For the seagulls of Australia, the arrival of Europeans was an unpleasant experience. As Cook’s Endeavor made its way along the east coast in 1770, the crew were forced to supplement their dwindling provisions by shooting and eating the birds. Sir Joseph Banks wrote; Sea gulls… which are reccond [sic] bad from their trainy (a reference to ‘train’ oil, obtained down from whale blubber) or fishy taste were to us an agreeable food, we did not at all taste the rankness, which no doubt has been and possibly will again be highly nauseous to us whenever we have plenty of Beef and mutton &c.
As Banks’ predicted, the seagull was saved by the rankness of its flesh. In the infant colony, First Fleeters quickly adopted the philosophy expressed years later by German nonsense poet Christian Morgenstern (1871-1914) in his poem The Seagulls (translated by Karl F. Ross).
I never shoot a seagull dead;
Their lives I do not take.
I like to feed them gingerbread
And bits of raisin-cake.
Life has improved so much for Sydney’s gulls that many have evolved into indolent sports addicts. They can often be seen studying the form at Randwick racecourse, or munching pie crusts and cold chips at football matches.

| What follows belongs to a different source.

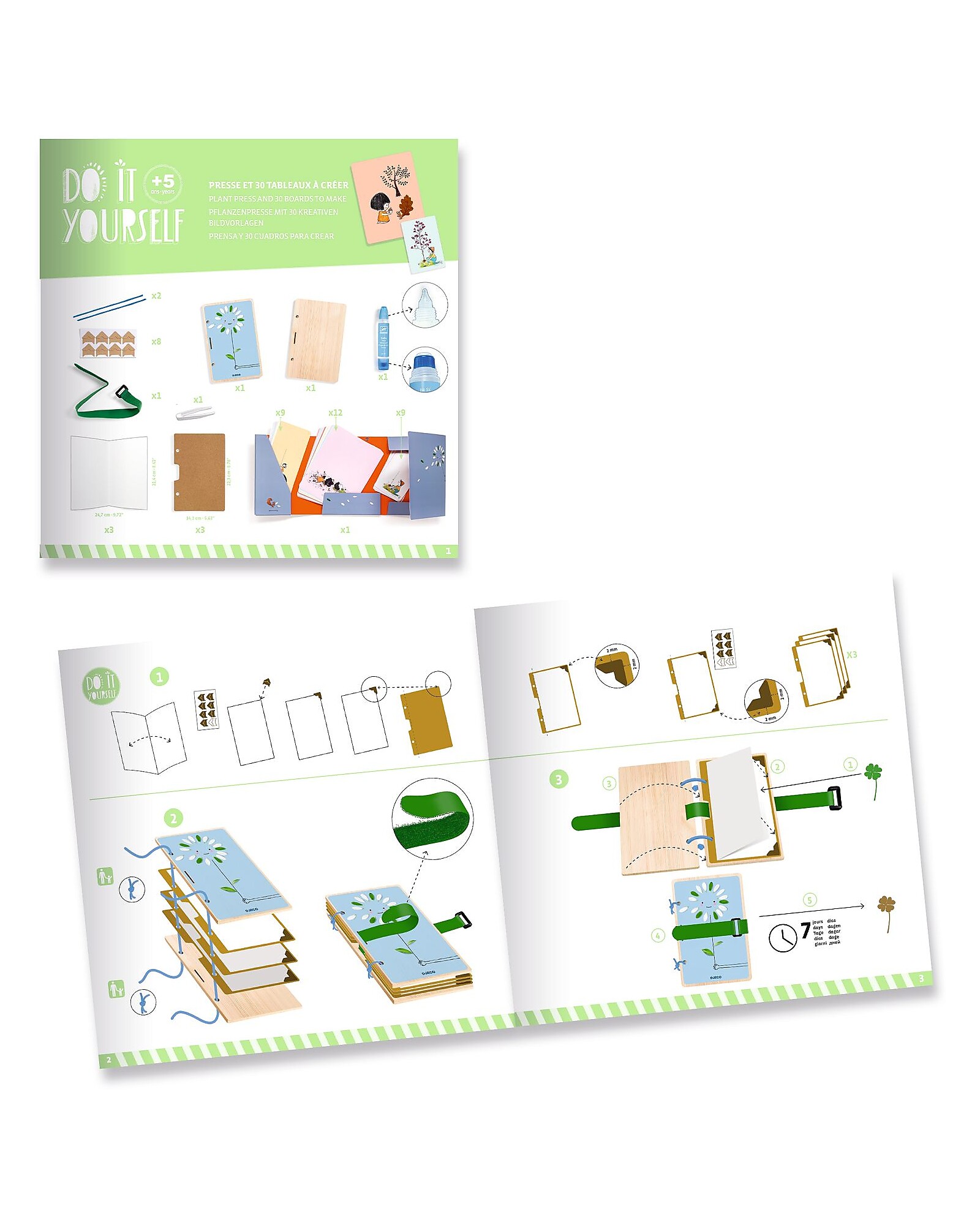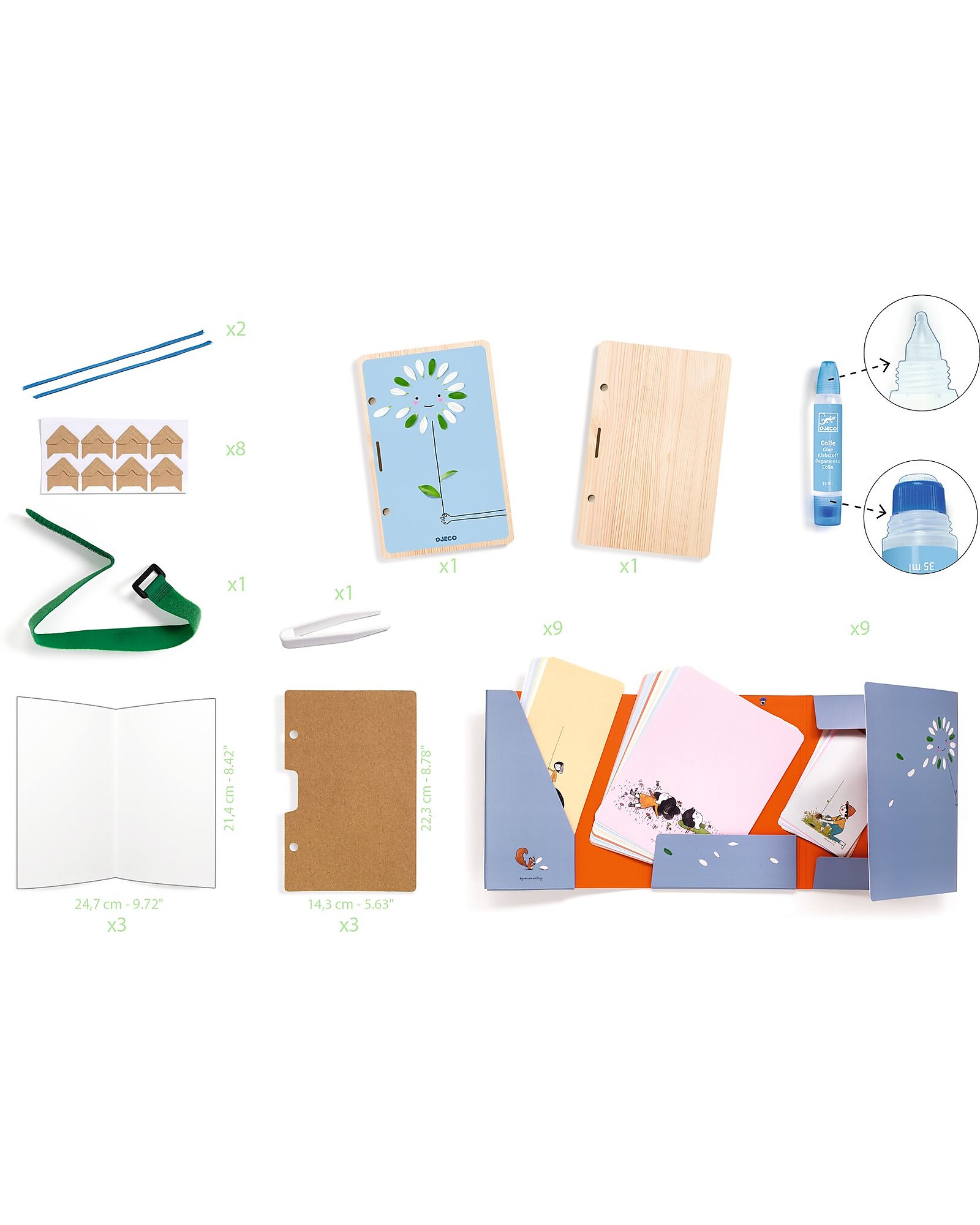 - La confezione include: 1 pressa in legno da assemblare (2 assi di legno illustrate e perforate, 1 cinturino in velcro, 3 pannelli di cartone, 8 adesivi angolari, 3 fogli di carta, 2 elastici), 1 custodia illustrata, 12 tavole illustrate ( 18,5 x 23,5 cm), 9 cartoncini grandi (10,5 x 25 cm), 9 cartoncini piccoli (10 x 15 cm), 1 tubetto di colla liquida a doppia estremità (un'estremità larga e una di precisione per facilitare l'attività di collage) e un avviso che guida il bambino passo dopo passo in tutte le fasi della sua creazione.

On June 6 1999 a capacity flock arrived at the SCG to witness Aussie Rule’s player ‘Plugger’ Lockett kick his record breaking 1,300th goal. It is said that the birds’ harsh calls miraculously transformed to melodious caroling as they joined the crowd in singing; ‘There’s only one Tony Lockett!’ However, they are primarily cricket fans. They spend long, balmy days at test matches, sipping dregs of beer until forced to make the journey home by bus and ferry rather than by air. Click HERE to see how dangerous this can be!
According to urban mythology, Sydney’s sacred ibis are a scary mutation of the seagull. The story goes that over succeeding generations, one strain became larger, more athletic, and far more aggressive.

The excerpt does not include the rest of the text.